FasterCures in the Community

  • Director Raymond Puerini presented the FasterCures’ Research Partnership Maturity Model at the Global Liver Institute's Strategies and Synergies in Rare Liver Diseases Summit.
  • Cha spoke on a panel, “Future Outlook for Regulatory Science: Advancing Regional and Global Impact,” at the 2025 Critical Path Institute® Global Impact Conference.
  • Director Lisa Lewis gave keynote remarks at the Project Increasing Minority Participation and Awareness in Clinical Trials 2.0 Symposium, “Transforming Clinical Trials Towards Health Equity,” during the 123rd National Medical Association Annual Convention and Scientific Assembly. 
     

FasterCures in the Media

New FasterCures Team Members

FasterCures welcomed three new team members this fall.

Manvit Adusumilli, Associate
Manvit Adusumilli primarily supports the team’s projects, including those involving clinical trials, disease prevention, and research infrastructure. Previously, he contributed to innovative community and public health efforts, including community health worker and mobile clinic programs. He also conducted community-engaged participatory research in Chiapas, Mexico, and South Bend, IN, exploring effective and sustainable methods to increase access to care. After graduating, Adusumilli joined the AmeriCorps National Health Corps program in Chicago to care for vulnerable communities and families. He received a BS in neuroscience and behavior and global affairs from the University of Notre Dame.

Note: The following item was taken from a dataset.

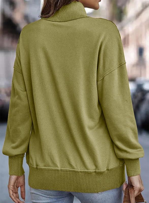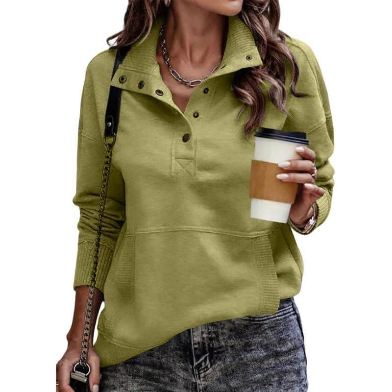 SHEWIN Women’s Casual Long Sleeve Stand Neck Sweatshirt Lightweight Button Drawstring Pullover Tops(C Pickle Green)

Isaiah Dennings, Associate
Isaiah Dennings supports research activities for diverse projects. A native of Colorado Springs, Dennings began his career as an intern in the Colorado General Assembly. For the past two years, he has specialized in science policy research and analysis, supporting reports for the National Academies of Sciences, Engineering, and Medicine and the National Security Commission on Emerging Biotechnology. Dennings holds a bachelor of arts in political science and a minor in biomedical sciences from Colorado State University, as well as a master of science in biomedical science policy and advocacy from Georgetown University. He is based in Washington, DC.

Michelle McNabb, Senior Associate
Michelle McNabb supports FasterCures in developing and executing communication strategies to amplify their efforts across digital platforms. McNabb has experience in health communications, digital content strategy, and community outreach across federal, state, and local government agencies. She is dedicated to making health information accessible through clear and engaging messaging. Before joining FasterCures, McNabb served as an analyst supporting the National Institutes of Health. In this role, she led strategic communications and stakeholder engagement efforts to support organizational goals. McNabb holds a BS in biology and an MPH in community health promotion.